3. A developer is building a solution in Azure SQL Database. They need a database object that accepts an `OrderID` parameter and returns a result set of related `OrderLine` rows, including computed discount amounts. The object must be joinable with other tables in a FROM clause and must support inline logic for best performance. Which object type should the developer create?

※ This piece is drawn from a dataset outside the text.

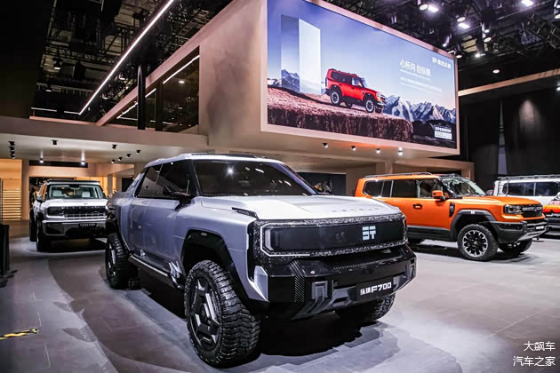 产品序列中,纵横G700定位全地形电混越野SUV,配备77英寸交互屏幕及700S猎鹰智能方案;纵横G900作为两栖车型搭载矢量四电机系统,轮端扭矩达18000N·m;纵横F700皮卡具备3.5吨牵引能力并配备智能拖车模式。展台同步呈现顶火、超境两款共创改装车型,分别强化公路性能与科技风格。

  • A. A scalar user-defined function that returns the discount amount for a single line
  • B. A multi-statement table-valued function (MTVF) that populates a table variable and returns it
  • C. An inline table-valued function (iTVF) defined with a single SELECT statement✓ Correct
  • D. A stored procedure with an OUTPUT parameter
Explanation

An inline table-valued function (iTVF) is defined with a single RETURN (SELECT ...) statement, is treated by the optimizer as a macro that gets expanded (inlined) into the calling query, supports parameters for filtering, and is directly usable in a FROM clause with CROSS APPLY or JOIN. This gives the best performance. A scalar UDF returns a single value, not a result set. An MTVF populates a table variable row-by-row and is treated as a black box by the optimizer, preventing statistics-based optimization (it assumes 1 row), leading to poor performance at scale. A stored procedure cannot be used directly in a FROM clause.

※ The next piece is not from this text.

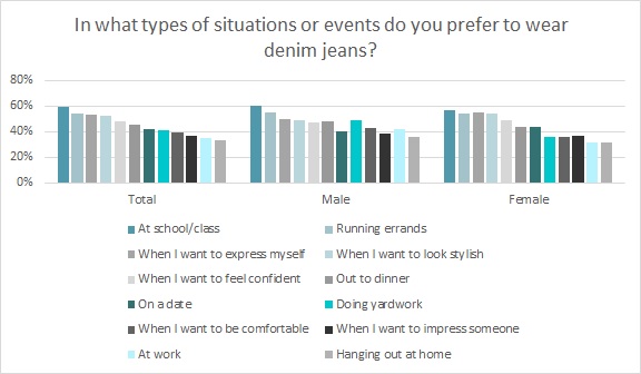 More than half of all consumers (53 percent) say they wear jeans when “I want to express myself,” according to the Monitor™. Another 52 percent wear denim when they “want to look stylish,” while 48 percent wears it when they want to feel confident. More than 4 in 10 men (42 percent) specifically wear jeans to work, as do 31 percent of women.

4. A developer is writing a query in Microsoft Fabric SQL database to identify potential duplicate customer records by comparing last names. The business requirement is to flag pairs of customers whose last names are highly similar but not necessarily identical (e.g., 'Smith' vs 'Smyth'). The dataset contains approximately 2 million customer records. Which function or approach is MOST appropriate for this task?

  • A. Use SOUNDEX() combined with DIFFERENCE() to group phonetically similar last names.
  • B. Use JARO_WINKLER_DISTANCE() to compute a similarity score between last name pairs and filter on a threshold.✓ Correct
  • C. Use EDIT_DISTANCE() and flag pairs where the distance equals zero.
  • D. Use REGEXP_LIKE() with a pattern that matches common name variants.
Explanation

Option B is correct: JARO_WINKLER_DISTANCE returns a normalized similarity score (0–1) that is specifically designed for short strings like names and is well-suited for fuzzy matching of name variants like 'Smith'/'Smyth'; filtering on a threshold (e.g., >= 0.92) correctly identifies near-duplicates. Option A is wrong because SOUNDEX/DIFFERENCE is a coarse phonetic algorithm that produces many false positives and misses non-phonetic variations; it is also not a Fabric-native fuzzy match function. Option C is wrong because EDIT_DISTANCE equal to zero means the strings are identical, which is exact matching, not fuzzy matching. Option D is wrong because REGEXP_LIKE matches against a fixed pattern; it cannot generically identify arbitrary near-duplicate name pairs without a pre-enumerated list of variants.

5. You are writing a query in Microsoft Fabric SQL database against a graph database. The nodes table is called Person and the edges table is called Follows. You need to find all people that a given user (UserID = 42) follows who also follow that user back (mutual follows). Which query fragment correctly uses the MATCH clause for this pattern?

  • A. WHERE MATCH(p1-(follows)->p2) AND p1.UserID = 42
  • B. WHERE MATCH(p1-(follows)->p2 AND p2-(follows)->p1) AND p1.UserID = 42
  • C. WHERE MATCH(p1-(follows)->p2-(follows)->p1) AND p1.UserID = 42✓ Correct
  • D. WHERE MATCH(SHORTEST_PATH(p1(-(follows)->p2)+)) AND p1.UserID = 42
Explanation

Option C uses the correct MATCH syntax for a cyclic graph pattern: p1 follows p2, and p2 follows p1, expressed as a single chain p1-(follows)->p2-(follows)->p1. This correctly models mutual follows. Option A only checks that p1 follows p2 but does not verify the reverse relationship. Option B is syntactically invalid—AND inside the MATCH clause is not a supported construct in T-SQL graph MATCH; multiple patterns are expressed as a chain or by referencing the same nodes. Option D uses SHORTEST_PATH, which is for finding paths of variable length and is not appropriate for detecting a simple two-hop cycle between known nodes.